Hormonal changes and muscle pain
Pregnancy is a time of dramatic physical changes, and it is common to experience body aches and pains as a result. Hormones play a significant role in these changes, and they can influence muscle pain in various ways.
Firstly, hormonal changes during pregnancy cause the ligaments that support the joints in the ribcage to soften, allowing the ribcage to expand.

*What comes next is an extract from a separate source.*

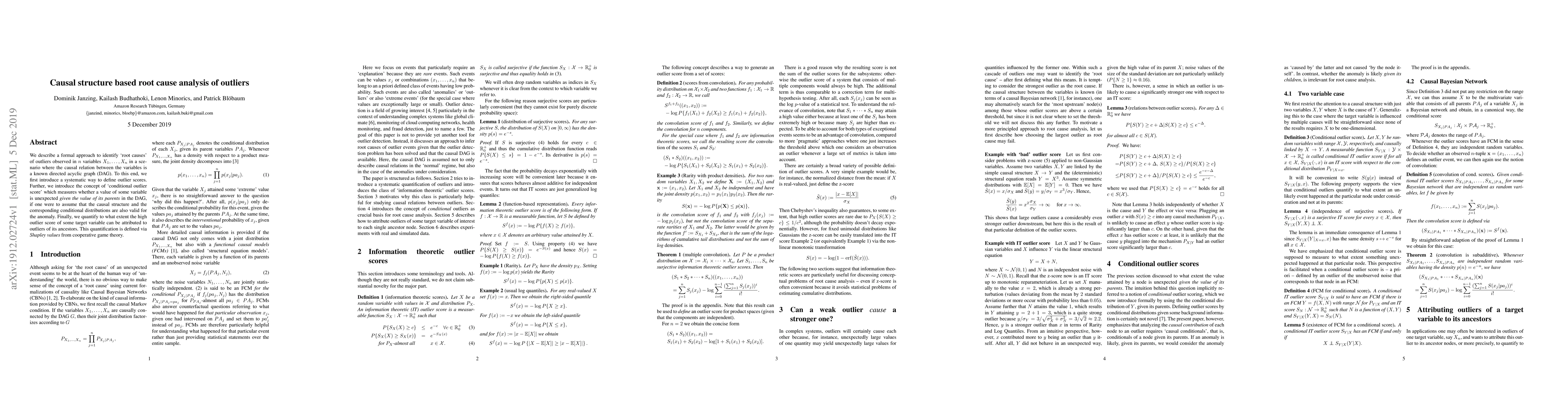This paper proposes a method to identify root causes of outliers in a dataset using a known causal DAG, defining outlier scores and conditional outlier scores to assess unexpected values given parent variables, and attributing outlier impact via Shapley values.

This helps pregnant women breathe as their uterus and baby grow, pushing up against the diaphragm. However, this expansion can also lead to muscle pain in the chest and rib area.
Secondly, high levels of progesterone relax the smooth muscles in the gastrointestinal tract, leading to decreased bowel motility and prolonged gastric emptying time. This can result in constipation, which is a common cause of stomach pain during pregnancy. Progesterone also relaxes the lower oesophageal sphincter, which can cause gastroesophageal reflux disease, often referred to as heartburn.
Thirdly, hormonal changes can lead to digestive problems, including nausea and vomiting, known as morning sickness. While this can occur at any time of day, it affects over 70% of pregnant women. In severe cases, it can lead to hyperemesis gravidarum, requiring intravenous fluids and vitamins.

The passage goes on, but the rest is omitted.